High Dimensionality¶
The number of fields in your event. A log with 5 fields has low dimensionality. A wide event with 50+ fields has high dimensionality. More dimensions = more questions you can answer without re-instrumenting.
Tail Sampling¶
Making the sampling decision after the request completes, based on its outcome. This keeps costs manageable while preserving the events that matter:
- Always keep errors — 100% of 500s, exceptions, and failures
- Always keep slow requests — anything above your p99 latency threshold
- Always keep specific users — VIP customers, internal testing accounts
- Randomly sample the rest — happy, fast requests at 1-5%
See architecture#tail-sampling-implementation for code.
Ecosystem¶
| Tool / Project | Role in O11y 2.0 |
|---|---|
| Honeycomb | Pioneer of the paradigm. SaaS platform built on wide events with BubbleUp analysis |
| GreptimeDB | Open-source analytical database purpose-built for wide events. Rust, columnar, disaggregated storage |
| ClickHouse | General-purpose OLAP engine widely used as O11y 2.0 backend (SigNoz, Signoz, ClickStack) |
| OpenTelemetry | Vendor-neutral telemetry collection standard — delivery mechanism, not the solution itself |
| Dash0 | O11y 2.0-aligned platform with native wide event support |
| Nominal | Boris Tane's upcoming platform ("nobody should be on-call in 2026") |
OpenTelemetry won't save you alone
OTel is a protocol and SDK set — it standardizes how telemetry is collected and exported. But it doesn't decide what to log. It doesn't add business context. If you're still thinking in terms of "log statements," you'll just emit bad telemetry in a standardized format.
Misconceptions¶
| Misconception | Reality |
|---|---|
| "Structured logging is the same as wide events" | Structured logging is JSON instead of strings — table stakes. Wide events are a philosophy: one comprehensive event per request with all context attached |
| "We already use OTel, so we're good" | OTel is a delivery mechanism. Most implementations capture bare minimum (span name, duration, status). You must deliberately instrument with business context |
| "This is just tracing with extra steps" | Tracing gives request flow across services. Wide events give context within a service. Ideally, your wide events ARE your trace spans, enriched |
| "Logs are for debugging, metrics are for dashboards" | This distinction is artificial. Wide events power both — query them for debugging, aggregate them for dashboards |
| "High-cardinality data is expensive and slow" | Expensive on legacy logging systems built for low-cardinality string search. Modern columnar databases (ClickHouse, GreptimeDB) are designed for exactly this |
Related Topics¶
- Observability — parent domain
- SigNoz — OpenTelemetry-native platform on ClickHouse
- OpenObserve — Parquet + S3 unified platform
- LGTM Stack — traditional three-pillar stack (the "1.0" approach)
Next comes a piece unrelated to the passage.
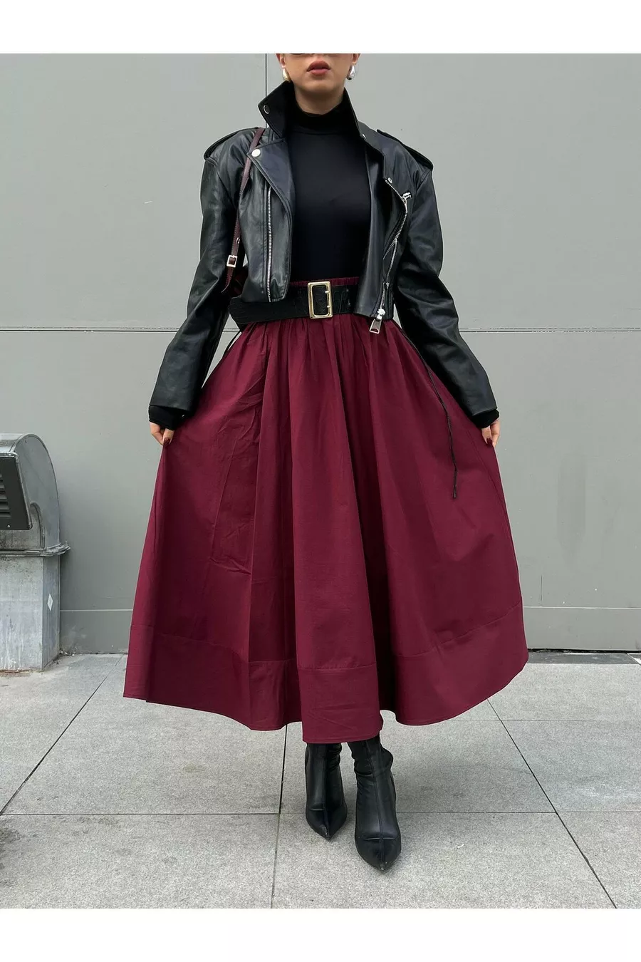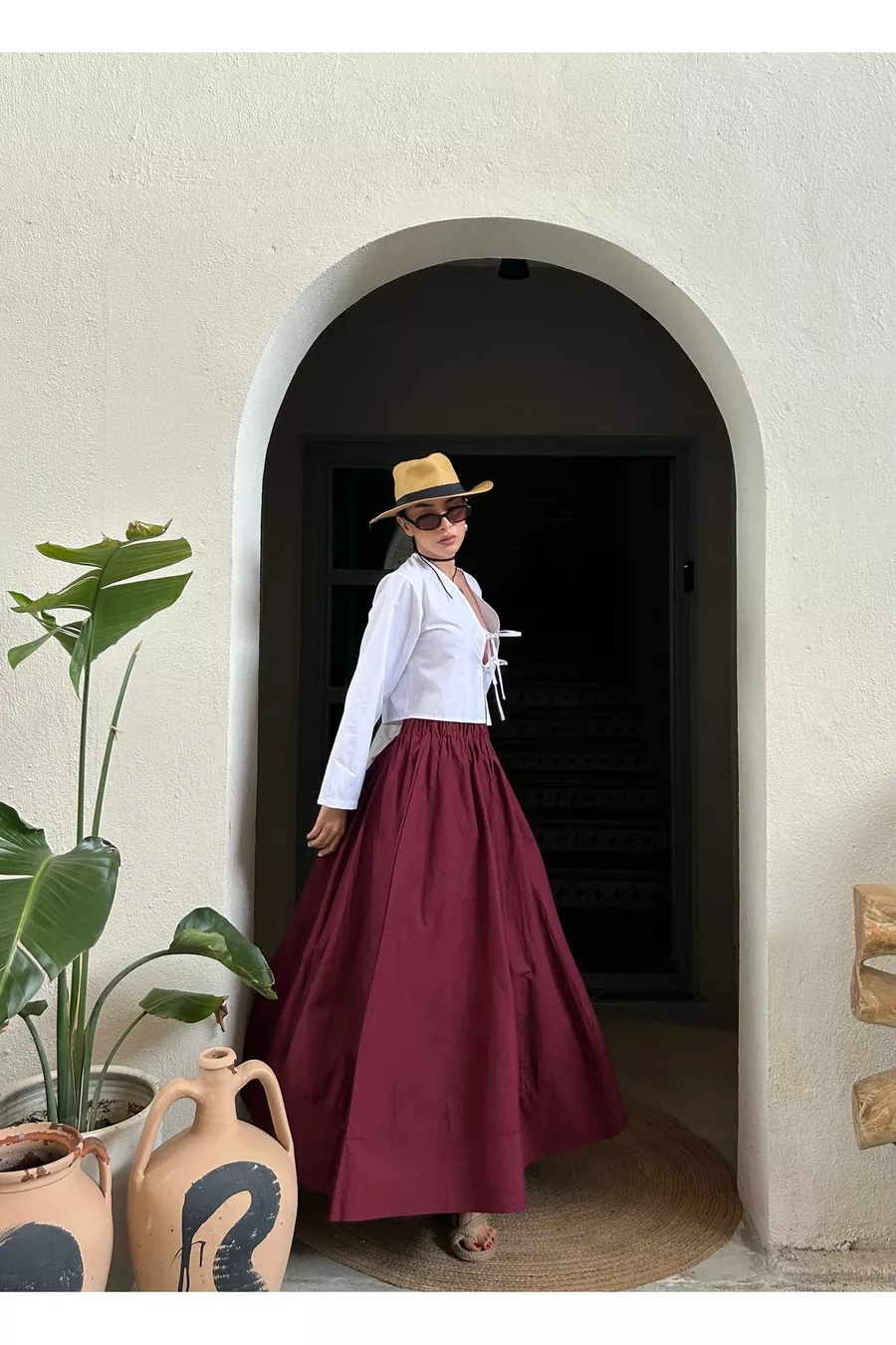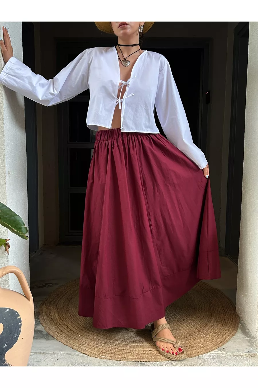 Gonna lunga in popeline con elastico in vita

- Coroot — eBPF-based auto-instrumentation
Sources¶
- loggingsucks.com — Boris Tane — definitive practical guide to wide events with implementation patterns, sampling strategies, and misconception debunking
- GreptimeDB: The New Database for Observability 2.0 — database requirements for O11y 2.0 (columnar storage, disaggregated compute, backward-compat)
- Observability 2.0 — Honeycomb — Charity Majors' original framing
- The Three Pillars are a Lie — charity.wtf — critique of the pillar model as vendor marketing
- Observability 2.0 — SUSE — industry overview
- Wide Events — Charity Majors — structured events philosophy
- Canonical Log Lines — Stripe — origin of the canonical log line pattern
Questions¶
- How do organizations migrate incrementally from 1.0 to 2.0 without a "big bang" rewrite of their observability stack?
- At what scale does tail sampling accuracy become a concern — can 1% sampling reliably represent the full request distribution?
- Will O11y 2.0 databases (GreptimeDB, ClickHouse) converge on a common query interface, or will PromQL/SQL/TraceQL fragmentation persist?
- How does O11y 2.0 interact with AI-powered root cause analysis — does the richer event context make LLM-based debugging significantly more effective?
- What is the real-world storage cost comparison between a three-pillar stack and a unified wide-event store at 100K events/sec?